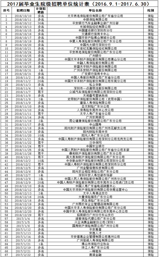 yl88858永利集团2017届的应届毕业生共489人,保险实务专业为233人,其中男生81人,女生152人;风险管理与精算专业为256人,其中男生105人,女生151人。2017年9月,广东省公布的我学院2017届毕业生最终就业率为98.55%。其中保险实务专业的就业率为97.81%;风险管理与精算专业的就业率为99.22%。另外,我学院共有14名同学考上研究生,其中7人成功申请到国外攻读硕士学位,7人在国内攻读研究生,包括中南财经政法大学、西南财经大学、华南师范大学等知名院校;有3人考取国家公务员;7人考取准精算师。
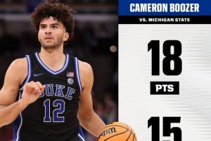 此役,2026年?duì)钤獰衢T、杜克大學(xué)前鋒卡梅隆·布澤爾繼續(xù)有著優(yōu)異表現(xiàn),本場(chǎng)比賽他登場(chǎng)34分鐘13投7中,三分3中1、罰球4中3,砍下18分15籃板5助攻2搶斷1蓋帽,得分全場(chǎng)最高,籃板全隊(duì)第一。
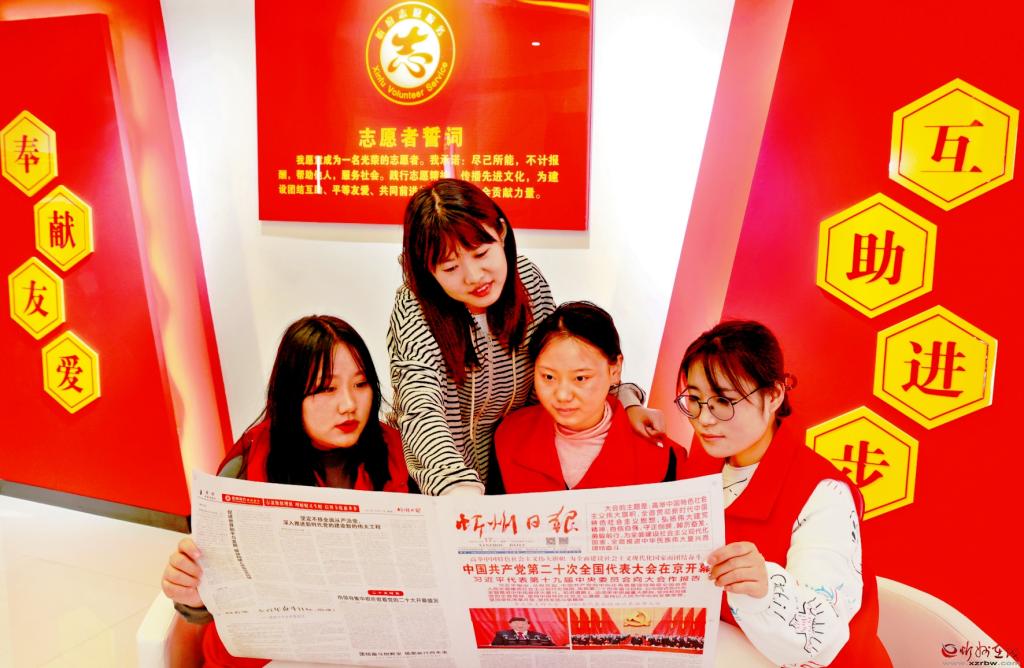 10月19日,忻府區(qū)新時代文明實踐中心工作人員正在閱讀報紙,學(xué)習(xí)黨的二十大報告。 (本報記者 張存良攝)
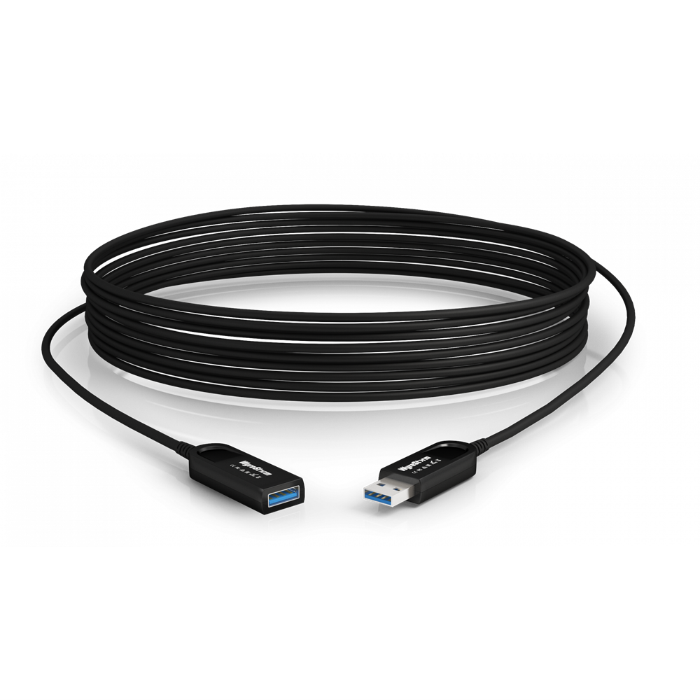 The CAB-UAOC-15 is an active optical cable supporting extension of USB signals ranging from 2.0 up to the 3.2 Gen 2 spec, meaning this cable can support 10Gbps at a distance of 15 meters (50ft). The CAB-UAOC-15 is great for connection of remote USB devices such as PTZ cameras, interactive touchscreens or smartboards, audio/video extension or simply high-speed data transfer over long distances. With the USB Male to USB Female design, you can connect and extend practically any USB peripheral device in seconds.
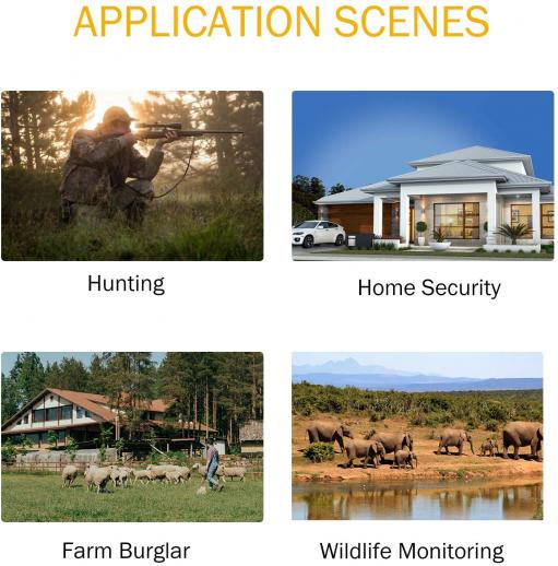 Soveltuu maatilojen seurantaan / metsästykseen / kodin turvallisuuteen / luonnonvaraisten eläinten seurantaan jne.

-=-=-=-=-

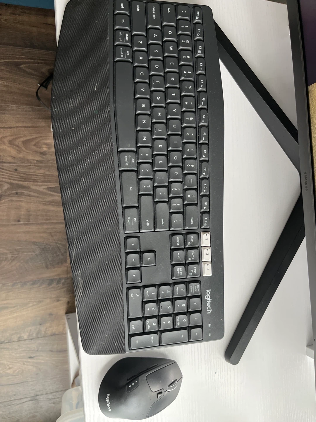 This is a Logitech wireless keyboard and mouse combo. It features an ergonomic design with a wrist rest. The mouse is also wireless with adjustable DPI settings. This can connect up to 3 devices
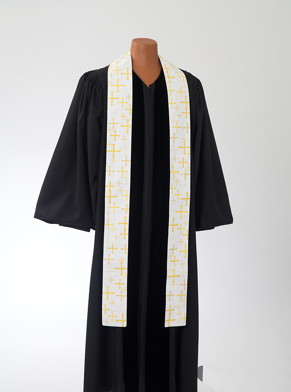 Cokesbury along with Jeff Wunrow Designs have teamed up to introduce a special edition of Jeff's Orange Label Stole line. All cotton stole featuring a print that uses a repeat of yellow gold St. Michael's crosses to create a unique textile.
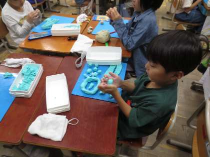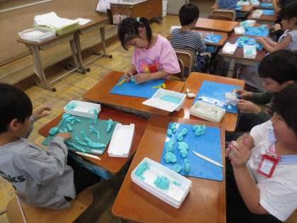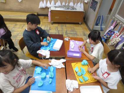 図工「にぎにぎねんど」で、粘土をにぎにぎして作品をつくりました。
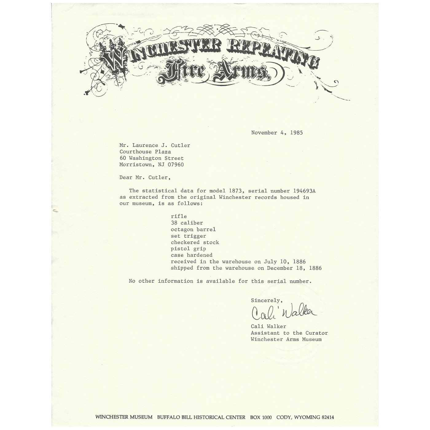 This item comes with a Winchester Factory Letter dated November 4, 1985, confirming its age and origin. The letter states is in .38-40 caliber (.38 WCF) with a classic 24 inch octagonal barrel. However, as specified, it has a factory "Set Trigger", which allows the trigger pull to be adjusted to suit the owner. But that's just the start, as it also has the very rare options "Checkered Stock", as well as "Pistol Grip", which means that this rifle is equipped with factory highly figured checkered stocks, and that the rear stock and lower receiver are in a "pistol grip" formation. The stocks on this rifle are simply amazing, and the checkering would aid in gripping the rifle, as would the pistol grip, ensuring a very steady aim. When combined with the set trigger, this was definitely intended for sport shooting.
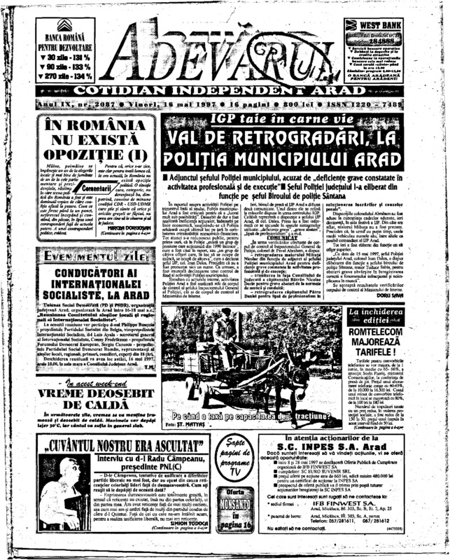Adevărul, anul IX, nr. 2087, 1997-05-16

-=-=-=-=-

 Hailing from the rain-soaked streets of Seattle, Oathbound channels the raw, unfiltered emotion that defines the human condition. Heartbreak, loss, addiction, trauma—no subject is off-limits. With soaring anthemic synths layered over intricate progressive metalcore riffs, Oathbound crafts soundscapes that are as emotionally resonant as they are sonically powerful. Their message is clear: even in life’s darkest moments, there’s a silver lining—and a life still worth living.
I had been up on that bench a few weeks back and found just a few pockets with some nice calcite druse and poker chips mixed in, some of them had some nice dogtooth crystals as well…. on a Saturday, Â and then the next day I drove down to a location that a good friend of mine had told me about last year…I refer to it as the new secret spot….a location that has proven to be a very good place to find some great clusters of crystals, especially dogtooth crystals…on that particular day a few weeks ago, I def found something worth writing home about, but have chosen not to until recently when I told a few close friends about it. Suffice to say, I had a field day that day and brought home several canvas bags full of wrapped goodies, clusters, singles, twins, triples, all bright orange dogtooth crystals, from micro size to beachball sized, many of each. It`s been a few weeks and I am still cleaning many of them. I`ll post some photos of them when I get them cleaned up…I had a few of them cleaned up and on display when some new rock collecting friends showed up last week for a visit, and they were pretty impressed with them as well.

-=-=-=-=-

**Try it**. Gather and copy every line of the data in which the string "worth" is found.

**Result of this task**.
 Hailing from the rain-soaked streets of Seattle, Oathbound channels the raw, unfiltered emotion that defines the human condition. Heartbreak, loss, addiction, trauma—no subject is off-limits. With soaring anthemic synths layered over intricate progressive metalcore riffs, Oathbound crafts soundscapes that are as emotionally resonant as they are sonically powerful. Their message is clear: even in life’s darkest moments, there’s a silver lining—and a life still worth living.
I had been up on that bench a few weeks back and found just a few pockets with some nice calcite druse and poker chips mixed in, some of them had some nice dogtooth crystals as well…. on a Saturday, Â and then the next day I drove down to a location that a good friend of mine had told me about last year…I refer to it as the new secret spot….a location that has proven to be a very good place to find some great clusters of crystals, especially dogtooth crystals…on that particular day a few weeks ago, I def found something worth writing home about, but have chosen not to until recently when I told a few close friends about it. Suffice to say, I had a field day that day and brought home several canvas bags full of wrapped goodies, clusters, singles, twins, triples, all bright orange dogtooth crystals, from micro size to beachball sized, many of each. It`s been a few weeks and I am still cleaning many of them. I`ll post some photos of them when I get them cleaned up…I had a few of them cleaned up and on display when some new rock collecting friends showed up last week for a visit, and they were pretty impressed with them as well.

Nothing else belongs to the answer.